Once we understand that current input mechanisms are poor performers, and that technology through massive marketing campaigns could make it seem natural for us to accept invasive or non-invasive BCIs, we must start asking ourselves what the pros and cons of these technologies are.
From a certain point of view, it is scary, also because slowness has always been a protection against potential disasters: what will happen if we no longer have this barrier? We are creating Thanos' gauntlet and putting it in anyone's hands.
We must question all the "involuntary" thoughts that could be intercepted by these devices: are we sure we want to open the door to our mind? How many times have you thought something embarrassing and didn't say it out loud? And what if a device were able to intercept these thoughts? Probably almost all of us would go to prison for some thought crime.
Think of all the moments of hatred in which you would have killed your boss by throwing him out the window, or a possible automaton connected to your thought: how dystopian would our future be?

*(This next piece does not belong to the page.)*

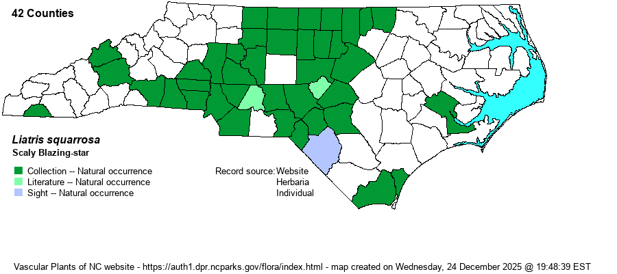 | Distribution | Piedmont and Sandhills; scarce in the low elevation Mountains and in the southern Coastal Plain. The record from Craven County is from an oak-hickory forest 6.8 miles south of New Bern. The New Hanover County specimen (NCSC) is without an image in SERNEC. A Brunswick County specimen was collected in 2022. Note that records from the southern coastal areas might not be truly native populations; and the Brunswick site was "along roadside of Camp Branch Road under powerline ROW S of Egypt Rd; perhaps planted here as a number of odd plants are growing at this location" (M. Basinger).

And let's talk about hacking: it would be enough to manipulate a thought to create enormous damage.
With great power comes great responsibility
Is Transhumanism Our Future?
For those who support BCIs, the most heard mantra is: "If you can't beat them, join them".
In a world where machines, little by little, will become smarter and faster than us, it is useless to try to compete: we must merge our mind with theirs. The Borg Queen would be proud of us.
Increasing the volume of data from us to machines allows us to have increasingly faster and efficient interactions and this "should" improve our lives.
We Are in Full Evolutionary Refactoring
Are we ready to leave the "noise" to embrace the "signal"?
The right to slowness, to reflection, to taking time to think, is something that millions of years of evolution have given us to protect us from errors. What we see as a limit could actually be our lifeline.
In twenty years, when our children ask us why we still type on the keyboard instead of thinking directly at the computer, what will we answer?
Are we cavemen who learned to play with sand or are we aware people who understood that moving at the speed of thought can create more damage than opportunity?
The future is not inevitable. The future is a sum of choices we make every day. We can choose which type of interface to use to connect with an apparatus we have built, but every time we make these choices we make a decision that defines us.
The voice interface is technologically limited, but it represents a fundamental compromise: maintaining a distance between us and what we have created.
New interfaces promise to eliminate this filter, painting it as a limit, but perhaps it is precisely the limit that protects us and avoids the loss of human contact.
Clean code has taught us that the best refactoring is the one that helps us better understand what we do, not the one that makes us accelerate at the cost of comprehensibility. It is what helps us not to make mistakes, not what makes us do more things in less time.
Slowness, imperfection, and errors are a symbol of humanity, an aspect we must preserve and should never want to optimize.